Il y a un an et demi, au début de la législature, je vous avais interpellée sur la déliquescence de notre système de santé et sur les conditions de travail dans nos établissements de santé et médico-sociaux. J'avais décrit alors les quatorze besoins fondamentaux définis par Virginia Henderson, auxquels doivent normalement répondre les soignants mais dont ils compromettent la satisfaction, faute de temps et de moyens.
Mon intention première était de faire le point, vingt mois après ma prise de parole, en reprenant chacun de ces quatorze besoins. Cependant, il n'y a eu aucune amélioration, malgré deux projets de loi de financement de la sécurité sociale. La situation s'est même aggravée : des économies ont été réalisées à hauteur de 4 milliards d'euros en 2018, et vous en prévoyez pratiquement autant pour 2019. Notre système de santé a longtemps été l'un des plus performants des pays développés, cité à travers le monde comme un modèle de référence.
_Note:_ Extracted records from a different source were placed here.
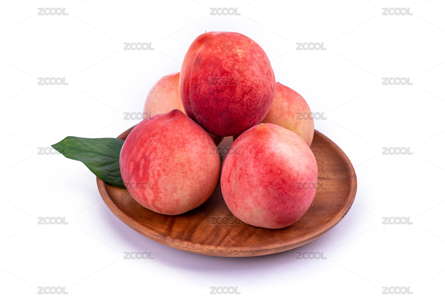 木盘子上的新鲜桃子
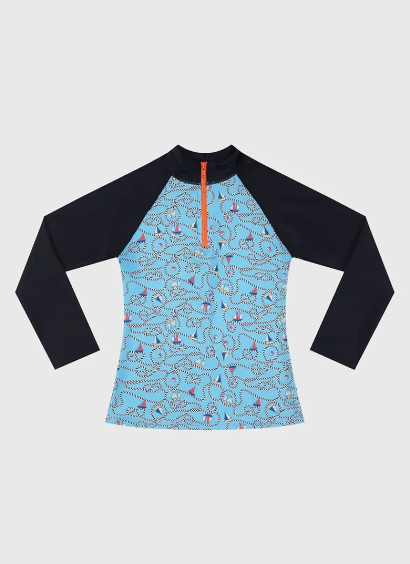 Protect your youngster in the sun and surf with the Bowline Long Sleeve Rash Vest by Aqua Blu Australia. With a UPF 50+ Sun Protection Rating, you can be sure they’re covered for all-day beach adventures.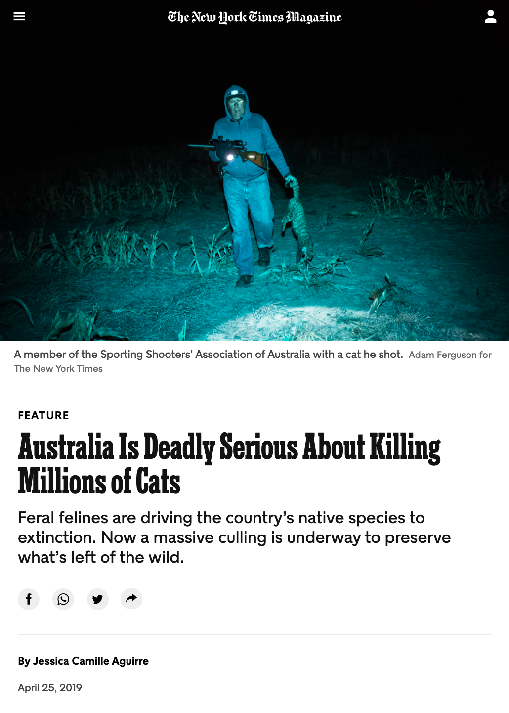 They are at war with nature, at the same time that they hide behind claims of preserving the natural order. Nature fixes itself. No, domestic cats are not native to Australia, but they’ve been there for hundreds of years. They struck a balance when the white man came and killed off various other predators. The “endangered species” were not important for any reason. If it was a matter of preserving the genetics of the species, they simply could have put them in a zoo.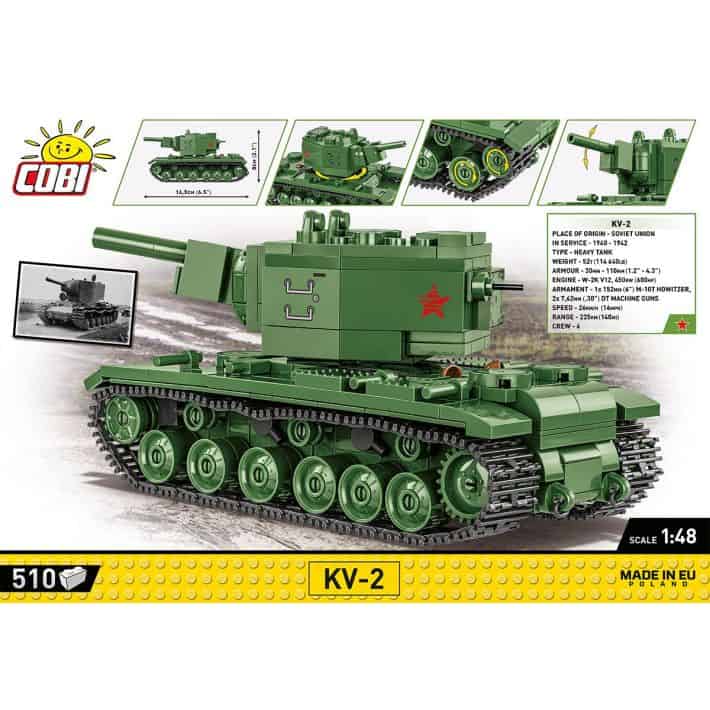 Dit is de KV-2 Sovjet zware tank uit de Tweede Wereldoorlog. Het werd ontworpen en in productie genomen van 1939-1941. De naam “KV” is een afkorting van “Kliment Voroshilov”, de achternaam van een militaire commandant van de Sovjet-Unie. De bemanning van de tank bestond uit 6 soldaten. Het voertuig werd geplaagd door veelvuldige pech en was erg zwaar en langzaam. Deze tekortkomingen werden echter gecompenseerd door het krachtige 152 mm kanon, dat in staat was elke vijandelijke tank te vernietigen, ongeacht de dikte van zijn pantser. De KV-2 was ook zwaar gepantserd. In feite zou alleen een voltreffer van het 8,8 cm Flak-luchtafweergeschut het kunnen vernietigen!
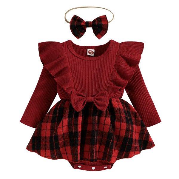 - Karirani dječji bodi s trakom za glavu 0-24mj.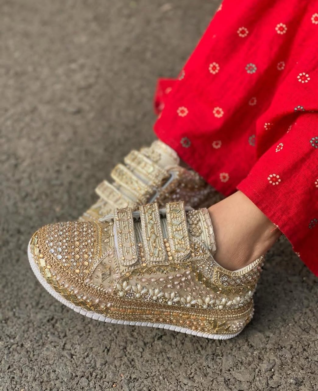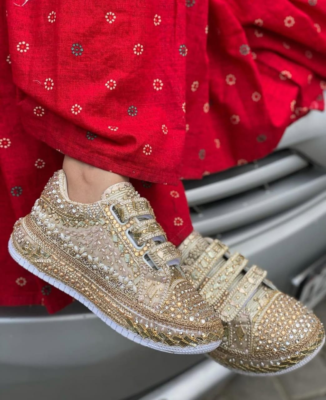 Add a touch of sparkle to your steps with these gold-beaded, handcrafted bridal sneakers, blending tradition and modern chic effortlessly.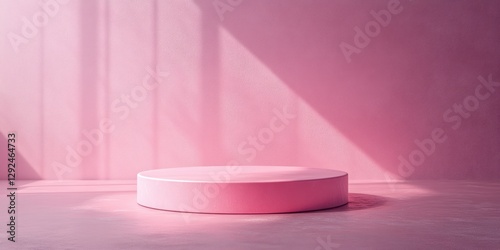 Pink Minimal Pedestal Display for Product Showcase with Soft Lighting and Pastel Background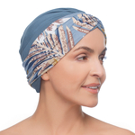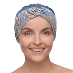 Lekki, codzienny turban z ozdobną szarfą. Upięcie nad czołem nadaje klasycznego kształtu i powiększa optycznie nakrycie głowy. Fantazyjny wzór szarfy ożywi stylizację.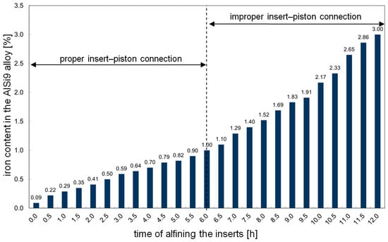 As the test results have shown, the alfining of piston ring inserts in the AlSi9 alloy causes a linear increase in the iron content (Figure 4). Using the alloy for up to approx. 6 h (1 wt.% Fe) does not cause any defects in the area of the insert–piston connection (due to the adopted criterion). After this time, as the iron content increases (caused by the diffusion of iron atoms into the AlSi9 alloy), the number of defective products also increases. An additional loss is the need to prematurely replace the AlSi9 alloy with a new one. The used alloy is treated as scrap and sold at a lower price compared to the feedstock, which generates financial losses. Thus, the alfining process of cast iron inserts is one of the main criteria determining the correct connection of cast iron ring inserts with piston castings made of Al–Si alloy. The percentage of casting defects on the contact surface of the insert with the piston indicates that the problem of proper connection between these elements is important from both process and technological points of view. Therefore, special attention should be paid to limiting and controlling the iron content in the AlSi9 alloy, especially after exceeding approximately 3 h of the alfining process. Research has shown that improper insert–piston connections are caused by two main reasons (accounting for almost 80% of all defects):
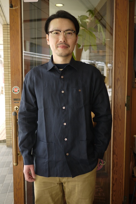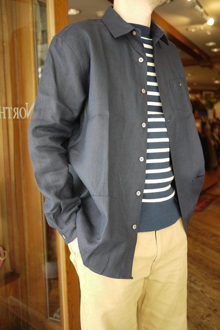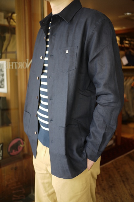 SOUTIENCOL "SHIRT JACKET" #161006 CAMBRIC LINEN NAVY(29)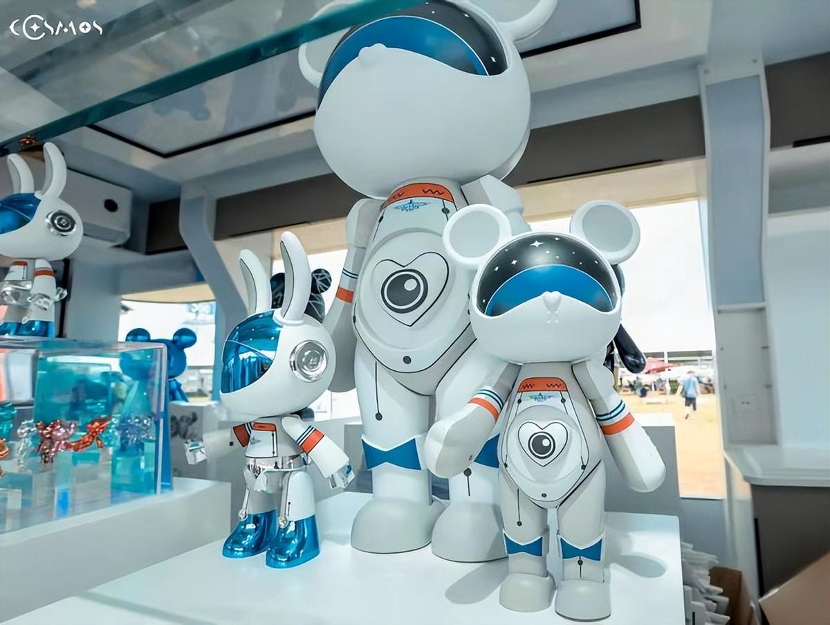 除了和品牌联合创造消费产品,星际熊会以IP本身的形象广泛会地产、商场、酒店、汽车等行业品牌合作,行业头部是星际熊首选的合作对象:地产行业的碧桂园、保利,万科,汽车领域的阿斯顿马丁、保时捷、宾利,以及万象,华润、新城等商业地产。值得关注的是,星际熊还成为了中国航展唯一合作的中国原创IP品牌,设计了很多联名款产品。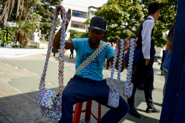 Bueno pero para qué te puede servir un billete de 50? Ni para un cafecito jajaja. Lo del mosaico me parece genial. Nos ponemos a venderlos como este señor:

Construit à une époque où le pays était pourtant affaibli, il subit depuis trente ans une politique de libéralisation qui le détruit progressivement.
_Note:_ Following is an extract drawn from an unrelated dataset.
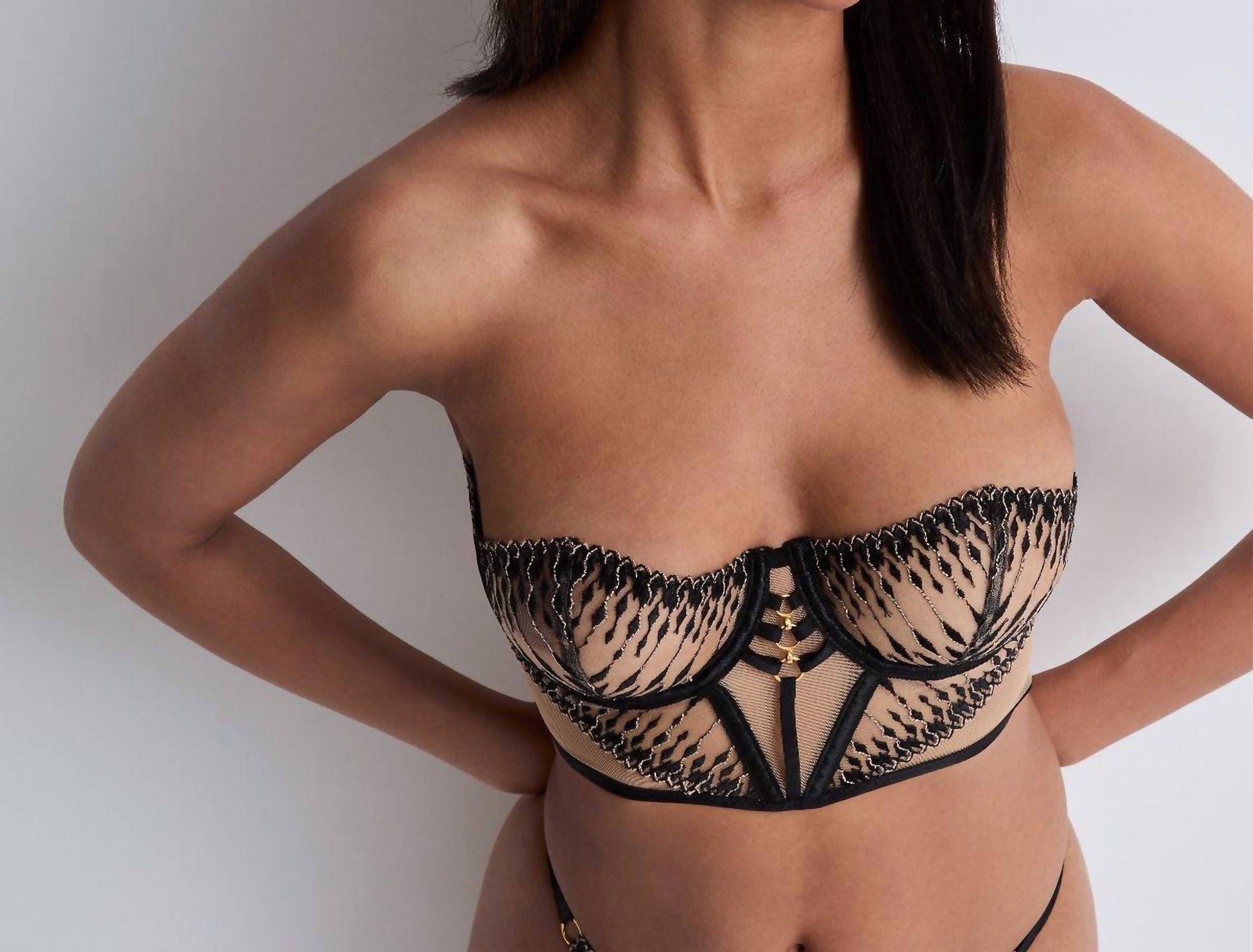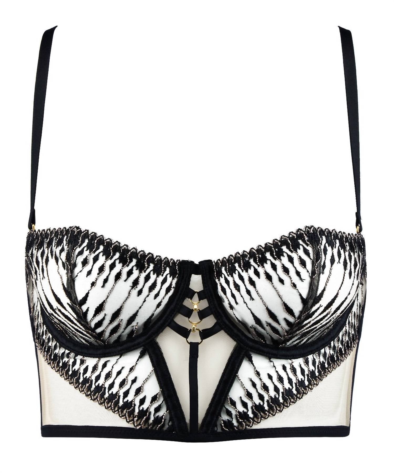 This bra will be your new top-drawer favorite. Unveil your allure with the Voodoo Kiss Bustier Top by Aubade, crafted in a sophisticated Millennium Black. Designed for the modern woman, this textured bustier is made from luxurious Embroidery: 85% Polyester, 15% Polyamide, Lining: 100% Polyester, Mesh: 82% Polyamide, 18% Elastane, perfect for adding an edge to your spring wardrobe. Care is straightforward with a simple hand wash routine. Embrace the ultimate fusion of fashion and comfort with this distinctive piece.

Dans ce contexte, que pouvions-nous espérer d'un projet de loi relatif à la santé ? Pour répondre à cette interrogation, permettez-moi de vous proposer quatorze besoins « politiques », afin que notre pays dispose de nouveau d'une véritable politique de santé, et d'analyser votre projet de loi à leur aune.
Premier besoin : des soignants bien formés. Avec ce projet de loi, madame la ministre, vous dites vouloir réévaluer périodiquement les connaissances des médecins. Cependant, connaissant votre goût pour l'austérité, nous sommes en droit de nous demander si la puissance publique financera une telle mesure : qui va payer ? Qui va former ? Il vous faudra lever le voile. Le risque est de confier l'intérêt général, une fois encore, à des compagnies privées peu scrupuleuses.
Deuxième besoin : des soignants en nombre suffisant. Je m'interroge : faut-il se réjouir de la fin du numerus clausus ? En commission, vous avez refusé notre amendement qui visait à inscrire dans la loi une hausse réelle du nombre de médecins formés. Et que dire du nombre de soignants dans les établissements de santé, en particulier dans nos EHPAD ? Cela fait un an, madame la ministre, que Mme Iborra et moi-même vous avons recommandé de fixer un ratio minimal de soignants auprès des résidents pour mettre fin à la maltraitance institutionnelle. À cette heure, rien, absolument rien, n'a été fait pour remédier à cette accablante situation.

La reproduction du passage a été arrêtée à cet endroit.